EXERCISE BRIEF:
Output, exactly as written, the lines below from the one that has "10월 3일부터 9일까지" through the one that has "Aranjament in vas"; nothing else, and no pictures.

SOURCE INFORMATION:
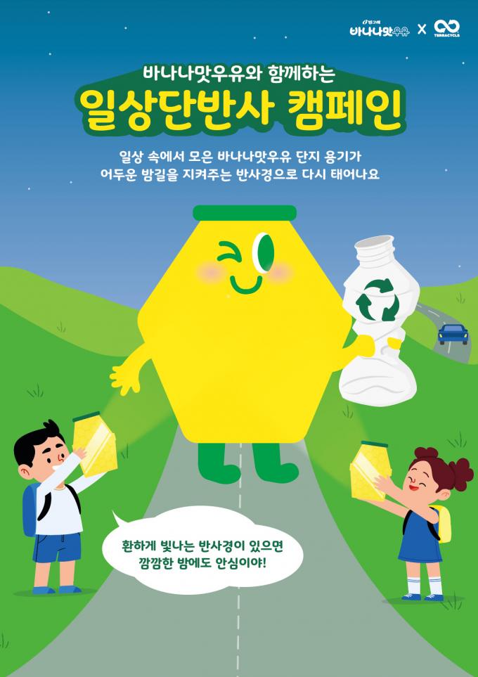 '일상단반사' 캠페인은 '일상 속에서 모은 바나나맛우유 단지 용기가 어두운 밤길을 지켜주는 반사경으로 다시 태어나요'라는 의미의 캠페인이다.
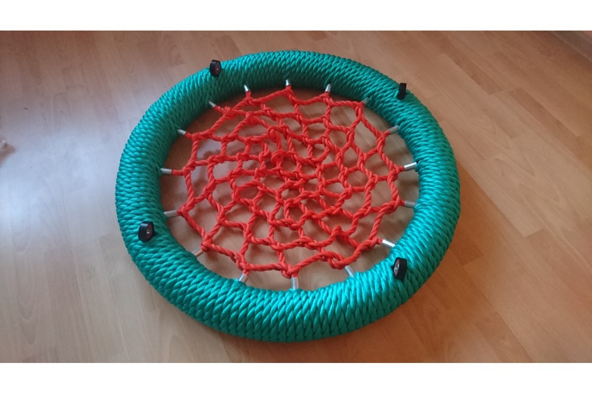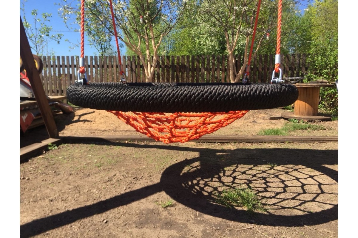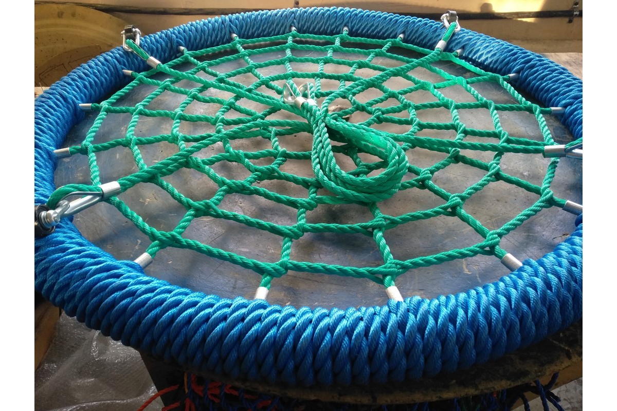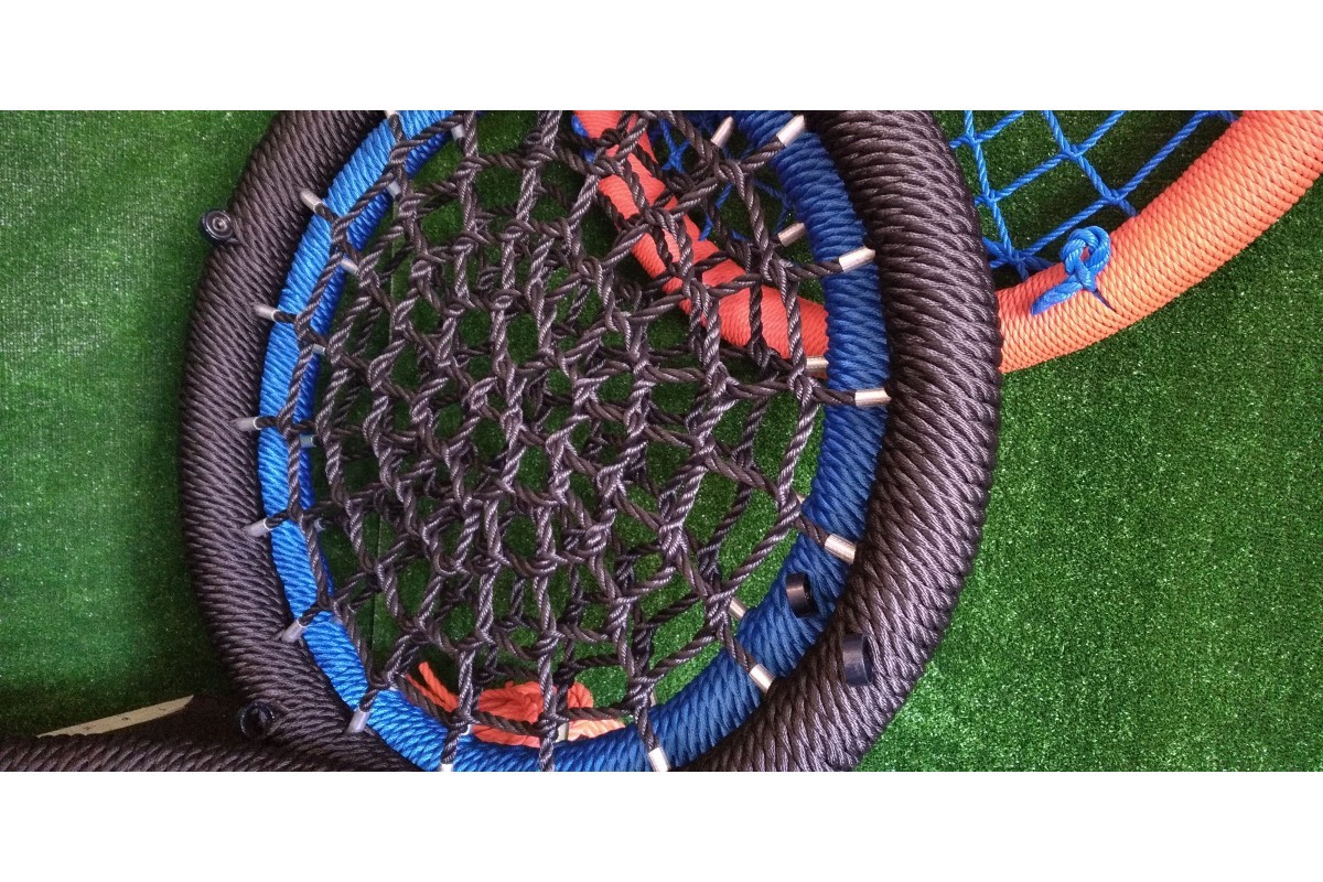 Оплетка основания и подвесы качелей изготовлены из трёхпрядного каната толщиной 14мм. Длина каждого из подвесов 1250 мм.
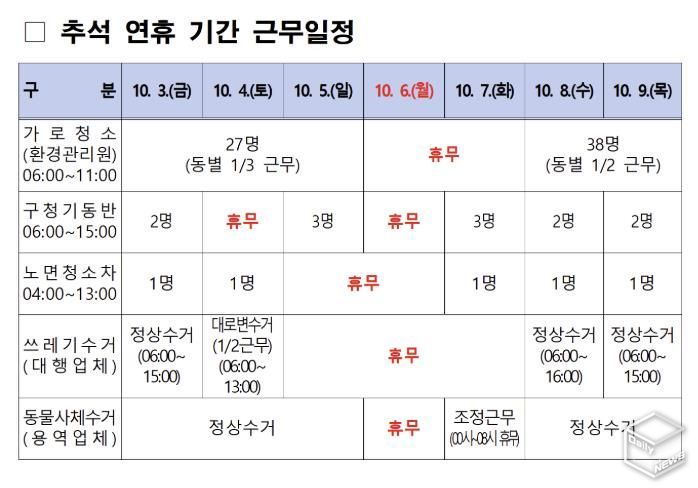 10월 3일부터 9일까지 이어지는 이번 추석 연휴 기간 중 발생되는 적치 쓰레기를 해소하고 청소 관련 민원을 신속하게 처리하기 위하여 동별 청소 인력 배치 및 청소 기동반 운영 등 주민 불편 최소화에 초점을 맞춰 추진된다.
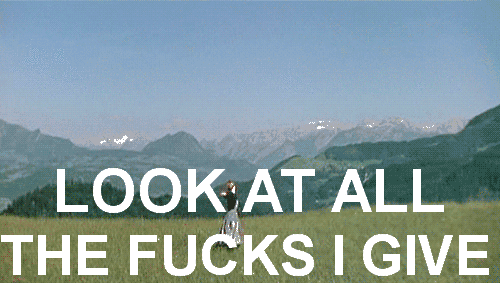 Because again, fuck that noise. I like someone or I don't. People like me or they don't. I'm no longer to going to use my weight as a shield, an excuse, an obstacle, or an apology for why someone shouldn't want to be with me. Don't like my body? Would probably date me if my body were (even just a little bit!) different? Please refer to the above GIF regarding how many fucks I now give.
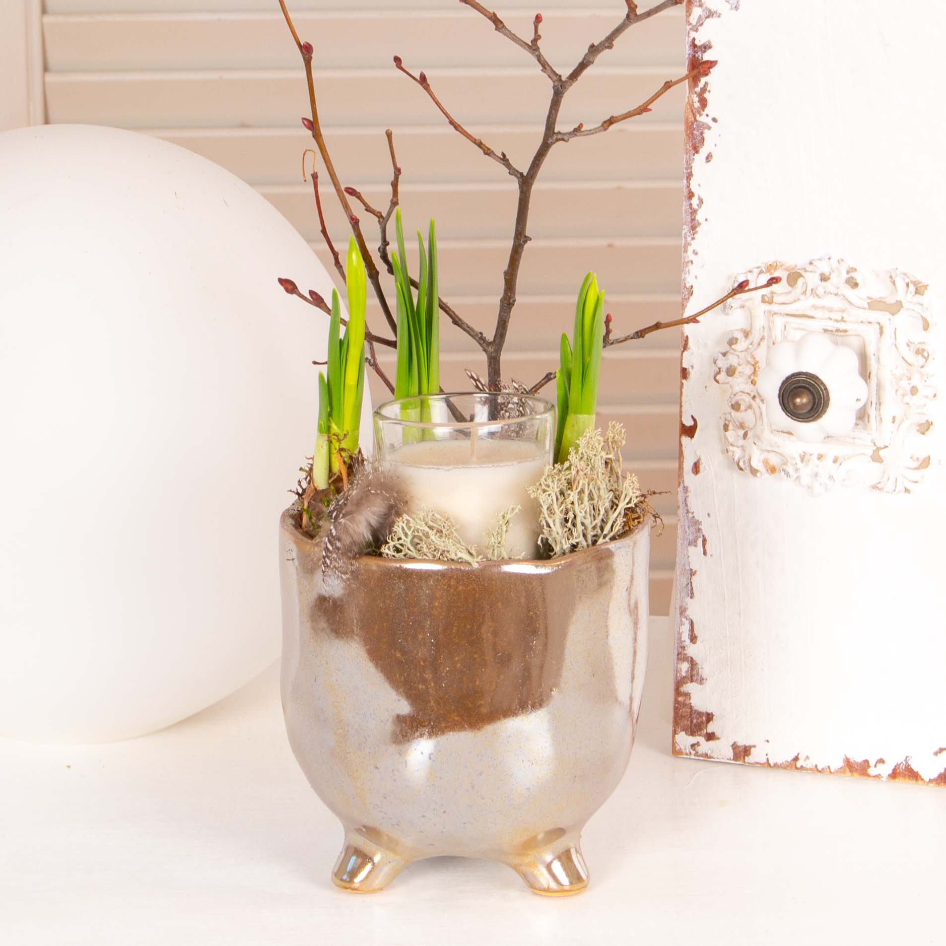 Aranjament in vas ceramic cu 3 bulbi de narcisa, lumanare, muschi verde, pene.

--

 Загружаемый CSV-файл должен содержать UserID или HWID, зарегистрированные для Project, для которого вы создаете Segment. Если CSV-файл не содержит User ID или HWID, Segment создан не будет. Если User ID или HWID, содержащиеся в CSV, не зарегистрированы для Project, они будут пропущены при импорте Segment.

ANSWER BOX:
 10월 3일부터 9일까지 이어지는 이번 추석 연휴 기간 중 발생되는 적치 쓰레기를 해소하고 청소 관련 민원을 신속하게 처리하기 위하여 동별 청소 인력 배치 및 청소 기동반 운영 등 주민 불편 최소화에 초점을 맞춰 추진된다.
 Because again, fuck that noise. I like someone or I don't. People like me or they don't. I'm no longer to going to use my weight as a shield, an excuse, an obstacle, or an apology for why someone shouldn't want to be with me. Don't like my body? Would probably date me if my body were (even just a little bit!) different? Please refer to the above GIF regarding how many fucks I now give.
 Aranjament in vas ceramic cu 3 bulbi de narcisa, lumanare, muschi verde, pene.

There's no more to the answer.